If I do deindex these pages, I think there are quite a few internal links to these pages. Even those these pages are deindexed, they still exist, so it's not as if the site would return a 404 right?
ROBOTS.TXT As I understand it, this will keep the robots from crawling the page, so it won't be indexed and the link juice won't pass. I don't want to waste page rank which links to these pages, so is this a bad option?

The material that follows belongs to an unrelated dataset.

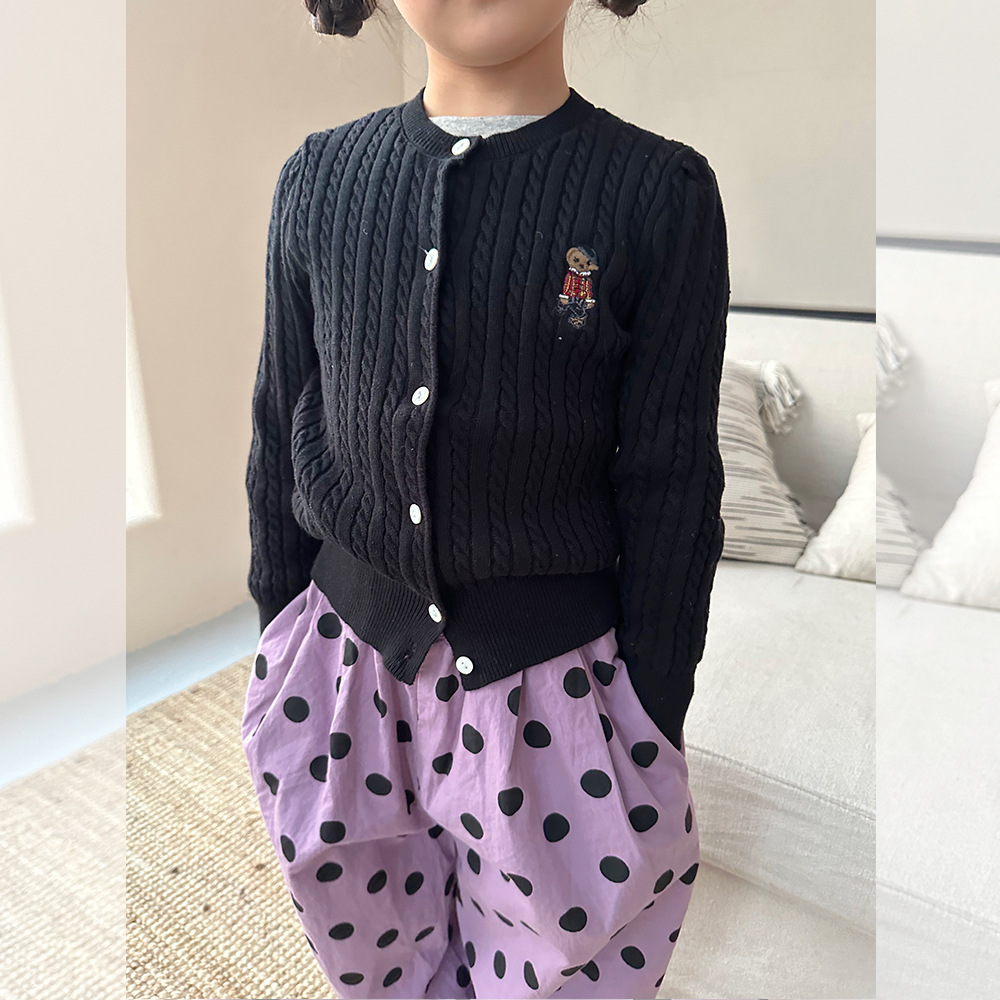 Zuo Xiaoran 아동복 2024 봄 어린이 한국식 만화 자수 카디건 소녀의 긴팔 둥근 목 곰 어린이 스웨터

**301 redirect: **What if I just 301 redirect all these pages back to the homepage? Is this an easy answer? Part of the problem with this solution is that I'm not sure if it's permanent, but even more importantly is that currently 80% of the site is made up of blog and gallery pages and I think it would be strange to have the vast majority of the site 301 redirecting to the home page. What do you think?
DELETE PAGES: Maybe I could just delete all the pages. This will keep the pages from taking link juice and will deindex, but I think there's quite a few internal links to these pages. How would you find all the internal links that point to these pages. There's hundreds of them.
-
Hello Santaur,
I'm afraid this question isn't as easy as you may have thought at first. It really depends on what is on the pages in those two directories, what they're being used for, who visits them, etc... Certainly removing them altogether wouldn't be as terrible as some people might think IF those pages are of poor quality, have no external links, and very few - if any - visitors. It sounds to me that you might need a "Content Audit" wherein the entire site is crawled, using a tool like Screaming Frog, and then relevant metrics are pulled for those pages (e.g. Google Analytics visits, Moz Page Authority and external links...) so you can look at them and make informed decisions about which pages to improve, remove or leave as-is.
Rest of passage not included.